Source records
****
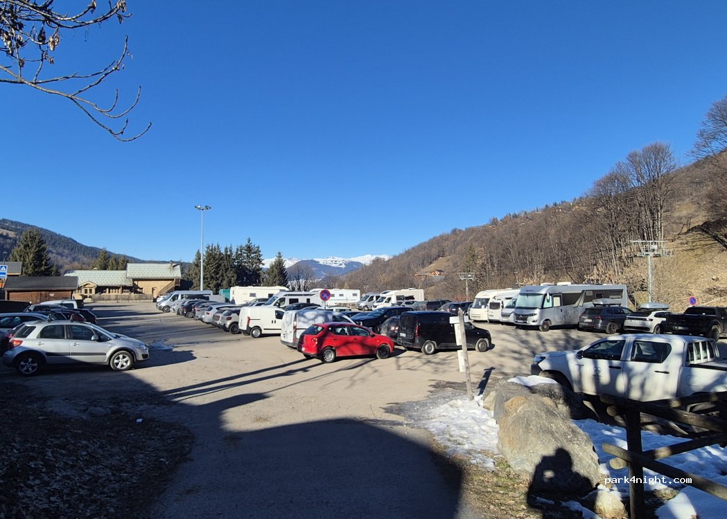 Parking du Martagon. Autorisé 48 heures. Le télécabine de l'Olympe est au bout du parking pour accéder au centre de la station de Meribel
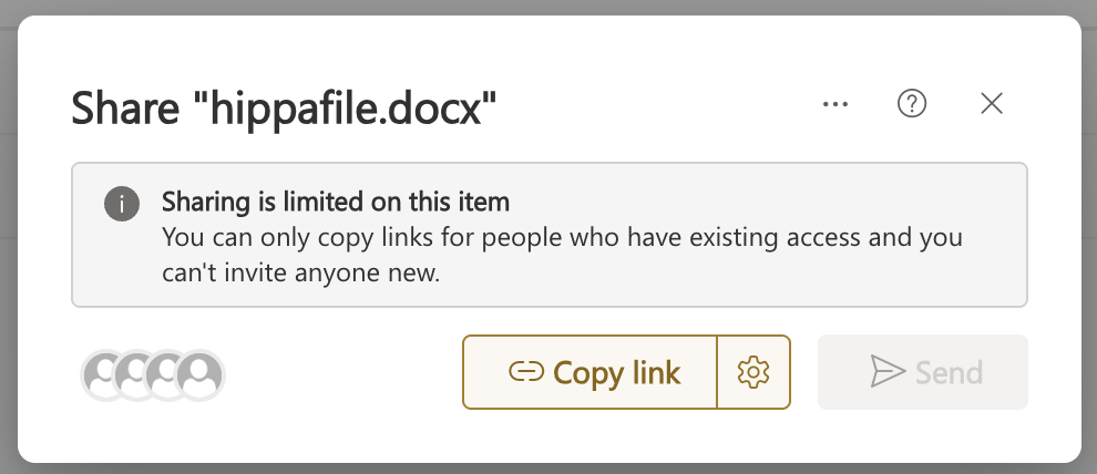 Policy tip in SharePoint/OneDrive when attempting to share a file externally
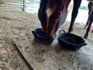 I continue refining my technique for serving the horses their three feed sessions. Since half of them are supposed to receive larger portions, I can’t just leave them on their own or the bolder ones will move in and push away the two who should get the larger servings.
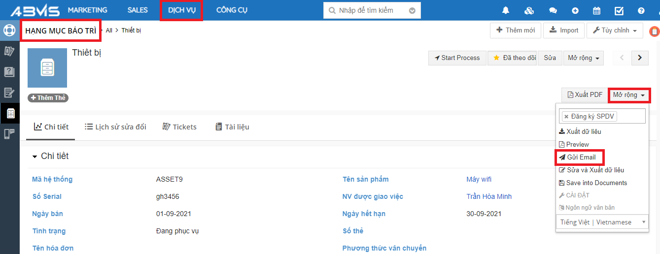 Thực hiện các thao tác tương như trên. Tại giao diện chi tiết của hạng mục bảo trì cần thao tác chọn lệnh “Mở rộng” => Chọn “Gửi Email”
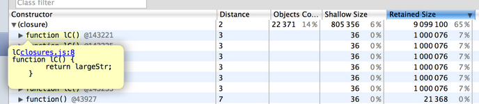 function createLargeClosure() { var largeStr = new Array(1000000).join('x'); var lC = function() { // this is NOT a named function return largeStr; }; return lC;}Whilst this example does:
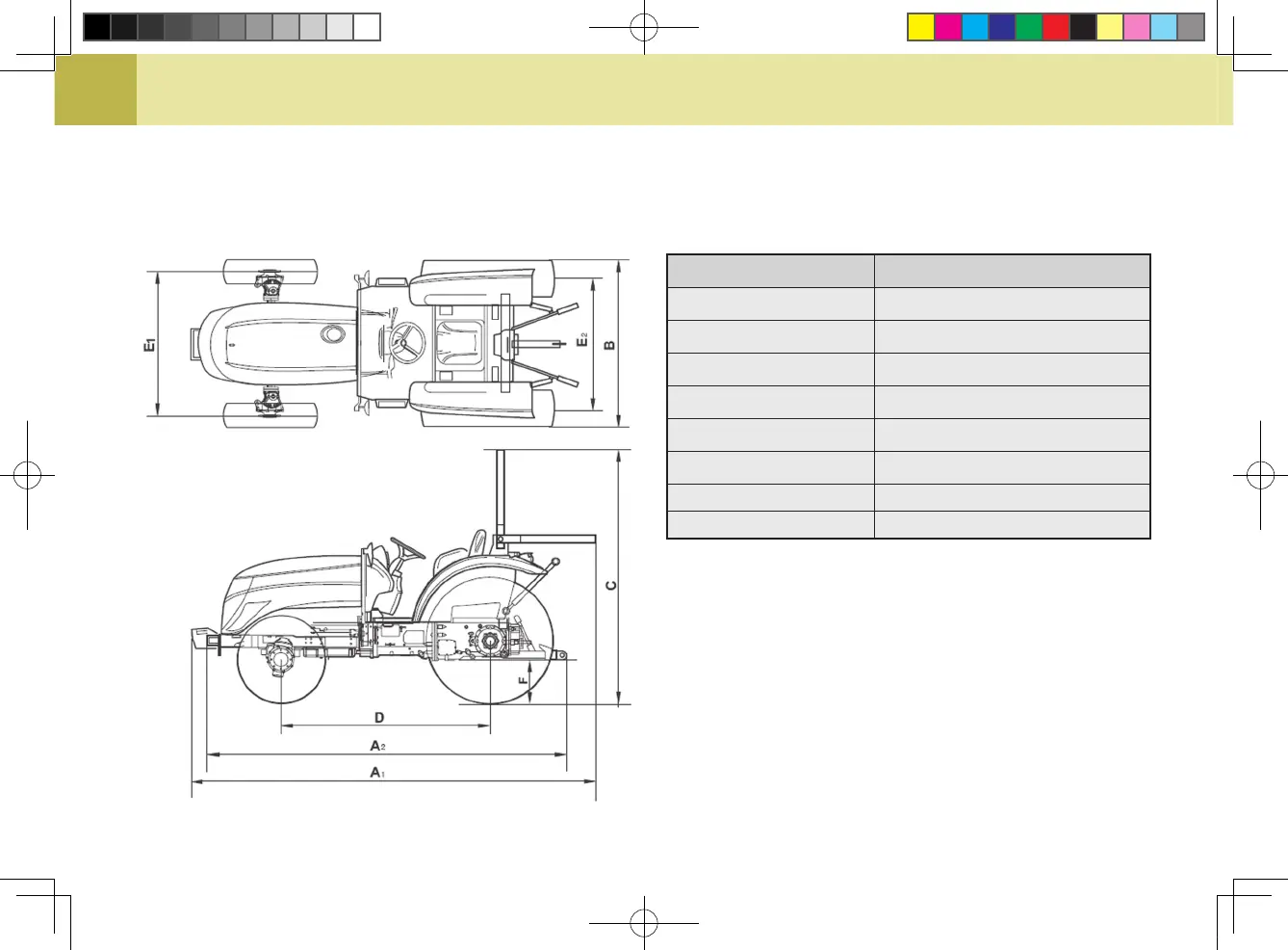 These dimensions are measured with the standard tires (AG) installed to the ROPS model tractor.
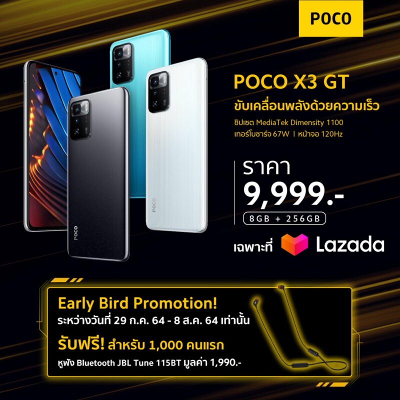 POCO แบรนด์เทคโนโลยียอดนิยมน้องใหม่ระดับโลก ประกาศเปิดตัว POCO X3 GT สมาร์ทโฟนที่ขับเคลื่อนพลังด้วยความเร็ว ซึ่งถูกออกแบบมาเพื่อความบันเทิงและการเล่นเกมโดยเฉพาะ พร้อมจำหน่ายแล้ววันนี้ที่ Lazada เท่านั้น ในราคา 9,999 บาท พร้อมโปรโมชั่นพิเศษสำหรับลูกค้า 1,000 คนแรกที่ซื้อสินค้าในระหว่างวันที่ 29 กรกฎาคม – 8 สิงหาคม 2564 รับฟรี หูฟัง Bluetooth JBL 115BT มูลค่า 1,990 บาท
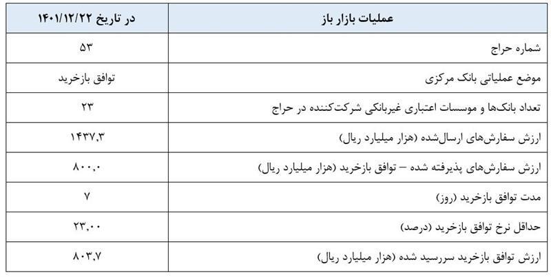 گزارش عملیات اجرایی سیاست پولی (۲۲ اسفندماه ۱۴۰۱) به شرح زیر است:
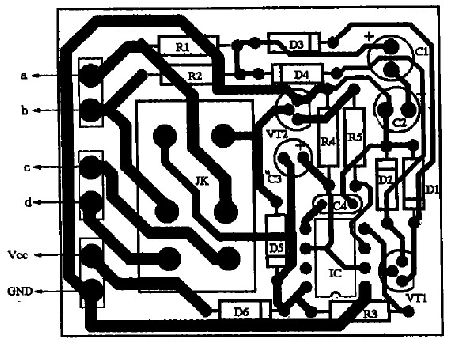 具體制作如下:先把功放輸出端與音箱的引線(xiàn)切斷,按圖2所示電路將引線(xiàn)頭a、b分別接功放的兩組輸出端,c、d分別接左、右聲道音箱:揚(yáng)聲器保護(hù)電路的電源只能從收放機(jī)中獲取,不可直接從汽車(chē)12 v電源中獲取,否則不起開(kāi)/關(guān)機(jī)保護(hù)作用;若是柴油車(chē)所配置的收放機(jī)(使用24 V電源),則要求增加一個(gè)降壓電路(見(jiàn)圖3所示),給揚(yáng)聲器保護(hù)電路供電,以免電源電壓過(guò)高損壞IC。
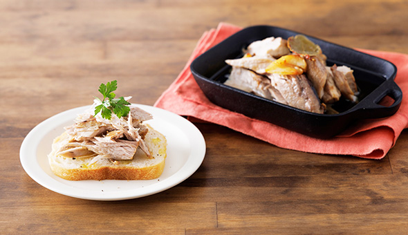 冷めたら軽くほぐし、オイルに漬けたまま冷蔵庫で保管します。そのままでもおいしくいただけます。パンに乗せたり、マヨネーズで和えたりなど、様々なアレンジが効きます。今回は冷蔵庫で保管しても固まりにくい米油を使用しましたが、オリーブオイルを加えたり、好みの油で作ってみてください。
****
WHAT IS REQUIRED
Only the records, copied exactly and free of pictures, belong in the answer.

RESULT OF THIS EXERCISE
 Parking du Martagon. Autorisé 48 heures. Le télécabine de l'Olympe est au bout du parking pour accéder au centre de la station de Meribel
 Policy tip in SharePoint/OneDrive when attempting to share a file externally
 I continue refining my technique for serving the horses their three feed sessions. Since half of them are supposed to receive larger portions, I can’t just leave them on their own or the bolder ones will move in and push away the two who should get the larger servings.
 Thực hiện các thao tác tương như trên. Tại giao diện chi tiết của hạng mục bảo trì cần thao tác chọn lệnh “Mở rộng” => Chọn “Gửi Email”
 function createLargeClosure() { var largeStr = new Array(1000000).join('x'); var lC = function() { // this is NOT a named function return largeStr; }; return lC;}Whilst this example does:
 These dimensions are measured with the standard tires (AG) installed to the ROPS model tractor.
 POCO แบรนด์เทคโนโลยียอดนิยมน้องใหม่ระดับโลก ประกาศเปิดตัว POCO X3 GT สมาร์ทโฟนที่ขับเคลื่อนพลังด้วยความเร็ว ซึ่งถูกออกแบบมาเพื่อความบันเทิงและการเล่นเกมโดยเฉพาะ พร้อมจำหน่ายแล้ววันนี้ที่ Lazada เท่านั้น ในราคา 9,999 บาท พร้อมโปรโมชั่นพิเศษสำหรับลูกค้า 1,000 คนแรกที่ซื้อสินค้าในระหว่างวันที่ 29 กรกฎาคม – 8 สิงหาคม 2564 รับฟรี หูฟัง Bluetooth JBL 115BT มูลค่า 1,990 บาท
 گزارش عملیات اجرایی سیاست پولی (۲۲ اسفندماه ۱۴۰۱) به شرح زیر است:
 具體制作如下:先把功放輸出端與音箱的引線(xiàn)切斷,按圖2所示電路將引線(xiàn)頭a、b分別接功放的兩組輸出端,c、d分別接左、右聲道音箱:揚(yáng)聲器保護(hù)電路的電源只能從收放機(jī)中獲取,不可直接從汽車(chē)12 v電源中獲取,否則不起開(kāi)/關(guān)機(jī)保護(hù)作用;若是柴油車(chē)所配置的收放機(jī)(使用24 V電源),則要求增加一個(gè)降壓電路(見(jiàn)圖3所示),給揚(yáng)聲器保護(hù)電路供電,以免電源電壓過(guò)高損壞IC。
 冷めたら軽くほぐし、オイルに漬けたまま冷蔵庫で保管します。そのままでもおいしくいただけます。パンに乗せたり、マヨネーズで和えたりなど、様々なアレンジが効きます。今回は冷蔵庫で保管しても固まりにくい米油を使用しましたが、オリーブオイルを加えたり、好みの油で作ってみてください。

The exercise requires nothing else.